如何知道流式查询用于Kafka数据源的Kafka消费者组名称?

How to know the name of Kafka consumer group that streaming query uses for Kafka data source?

我正在通过 spark 结构化流从 kafka 主题消费数据,该主题有 3 个分区。由于 Spark 结构化流不允许您显式提供 group.id 并为消费者分配一些随机 ID,我尝试使用下面的 kafka 命令检查消费者组 ID

./kafka-consumer-groups.sh --bootstrap-server kfk01.sboxdc.com:9092,kfk02.sboxdc.com:9092,kfk03.sboxdc.com:9092 --list

output
 spark-kafka-source-054e8dac-bea9-46e8-9374-8298daafcd23--1587684247-driver-0
 spark-kafka-source-756c08e8-6a84-447c-8326-5af1ef0412f5-209267112-driver-0
 spark-kafka-source-9528b191-4322-4334-923d-8c1500ef8194-2006218471-driver-0

以下是我的问题

1) 为什么要创建3个消费组?是因为3个分区吗?

2) 有什么办法可以在spark应用程序中获取这些消费者组名称吗?

3) 即使我的 spark 应用程序仍然是 运行,一段时间后这些组名并没有出现在消费者组列表中。是不是所有的数据都被spark应用消耗掉了,那个kafka topic里面没有更多的数据了?

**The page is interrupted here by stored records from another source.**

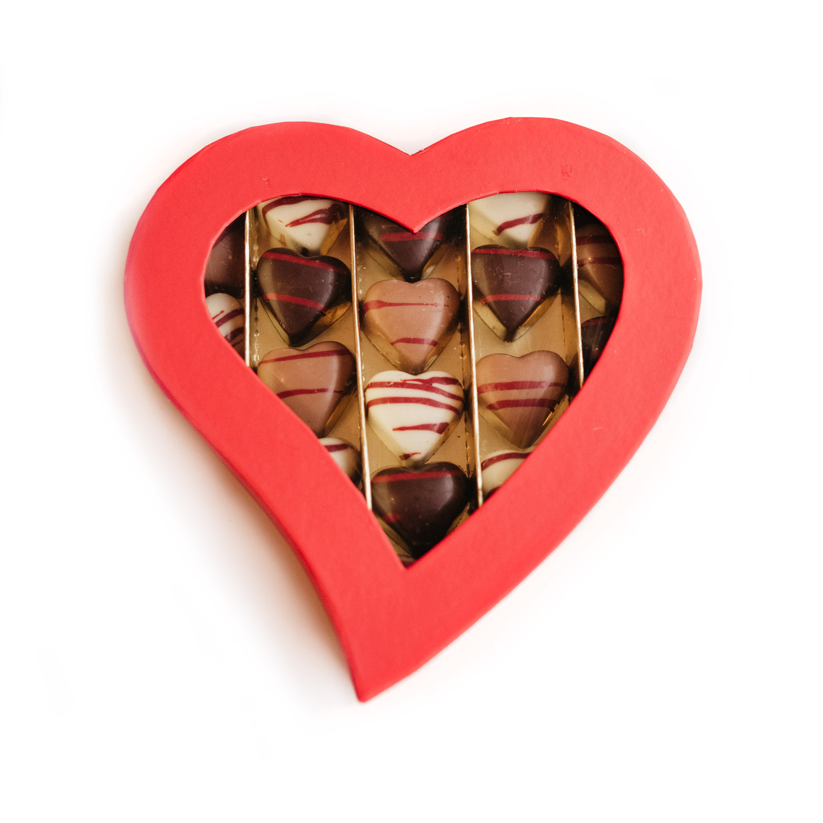 Zeg het in stijl met deze hartvormige bonbondoos met hartjes bonbons. Binnenin vind je 10 of 17 ambachtelijke hartbonbons in melk, puur en wit, met als vulling een zachte hazelnoot praliné. De goudkleurige inlay met vakverdeling houdt elk hartje perfect op z’n plek—chic, strak en direct cadeau-klaar.
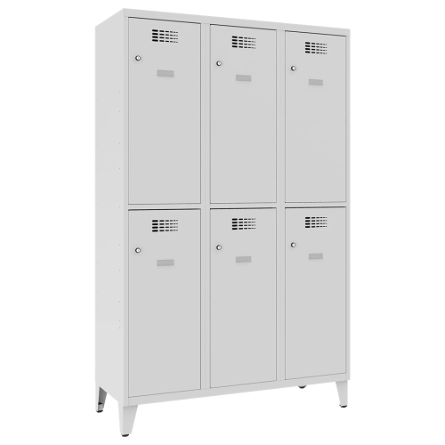 Kovový šatník šírky 1200 mm s krátkymi dverami a nohami. Skriňa je uzamykateľná a dodáva sa s 2 kľúčmi pre každé dvere. Vnútorné vybavenie zahŕňa tyč s dvoma háčikmi na zavesenie oblečenia a samolepiaci držiak na menovku. Skriňa je zváraná, nie je nutná jej montáž, čo jej dodáva pevnosť a stabilitu.
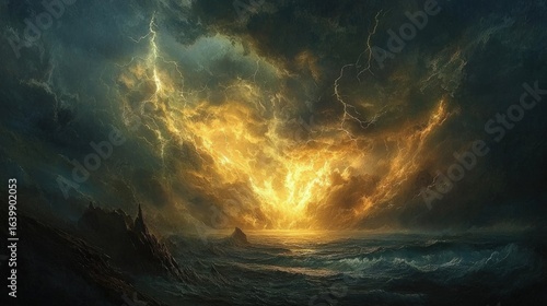 Naklejka premium Dramatic stormy sky above a turbulent ocean.
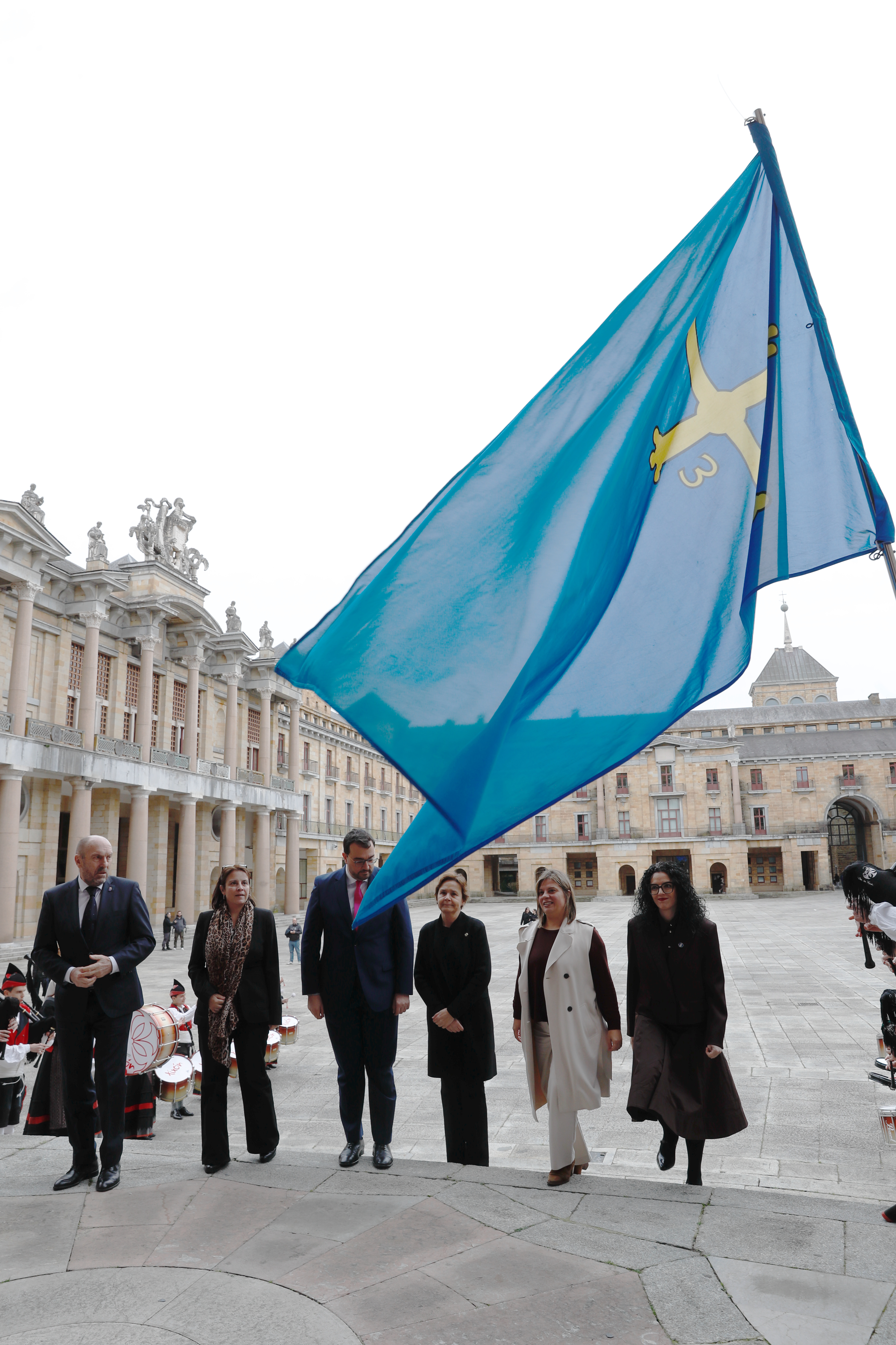 En la imagen (de izqda, a dcha.): el presidente de la Junta General, Juan Cofiño; la delegada del Gobierno, Adriana Lastra; el presidente del Principado, Adrián Barbón; la alcaldesa de Gijón, Carmen Moriyón; la vicepresidenta del Principado, Gimena Llamedo, y la consejera de Cultura, Política Llingüística y Deporte, Vanessa Gutiérrez.
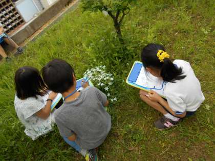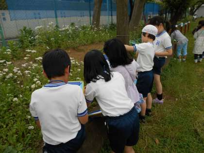 裏庭に春を見つけに出かけました。観察カードを持ってしっかり観察をしました。

4)如果我对第3点的假设是正确的,那么如果有新数据到达,它会创建一个新的消费者组ID还是消费者组的名称保持不变?

下面是我的阅读流

  val inputDf = spark.readStream
  .format("kafka")
  .option("kafka.bootstrap.servers", brokers)
  .option("subscribe", topic)
 // .option("assign"," {\""+topic+"\":[0]}") 
  .option("startingOffsets", "earliest")
  .option("maxOffsetsPerTrigger", 60000)
  .load()

我在应用程序中有 3 个写入流,如下所示

  val df = inputDf.selectExpr("CAST(value AS STRING)","CAST(topic AS STRING)","CAST (partition AS INT)","CAST (offset AS INT)","CAST (timestamp AS STRING)") 
  val df1 = inputDf.selectExpr("CAST (partition AS INT)","CAST (offset AS INT)","CAST (timestamp AS STRING)")

//First stream
 val checkpoint_loc1= "/warehouse/test_duplicate/download/chk1"
   df1.agg(min("offset"), max("offset"))
  .writeStream
  .foreach(writer)
  .outputMode("complete")
  .option("checkpointLocation", checkpoint_loc1).start()
val result = df.select(
df1("result").getItem("_1").as("col1"),
df1("result").getItem("_2").as("col2"),
df1("result").getItem("_5").as("eventdate"))
val distDates = result.select(result("eventdate")).distinct

//Second stream
val checkpoint_loc2=  "/warehouse/test_duplicate/download/chk2" 
distDates.writeStream.foreach(writer1)
  .option("checkpointLocation", checkpoint_loc2).start() 

//Third stream
val kafkaOutput =result.writeStream
  .outputMode("append")
  .format("orc")
  .option("path",data_dir)
  .option("checkpointLocation", checkpoint_loc3)
  .start()

流式查询在代码中只使用了一次,没有连接。

执行计划

== Parsed Logical Plan ==
 StreamingRelationV2 org.apache.spark.sql.kafka010.KafkaSourceProvider@109e44ba, kafka, Map(maxOffsetsPerTrigger -> 60000, startingOffsets -> earliest, subscribe -> downloading, kafka.bootstrap.servers -> kfk01.sboxdc.com:9092,kfk02.sboxdc.com:9092,kfk03.sboxdc.com:9092), [key#7, value#8, topic#9, partition#10, offset#11L, timestamp#12, timestampType#13], StreamingRelation DataSource(org.apache.spark.sql.SparkSession@593197cb,kafka,List(),None,List(),None,Map(maxOffsetsPerTrigger -> 60000, startingOffsets -> earliest, subscribe -> downloading, kafka.bootstrap.servers -> kfk01.sboxdc.com:9092,kfk02.sboxdc.com:9092,kfk03.sboxdc.com:9092),None), kafka, [key#0, value#1, topic#2, partition#3, offset#4L, timestamp#5, timestampType#6]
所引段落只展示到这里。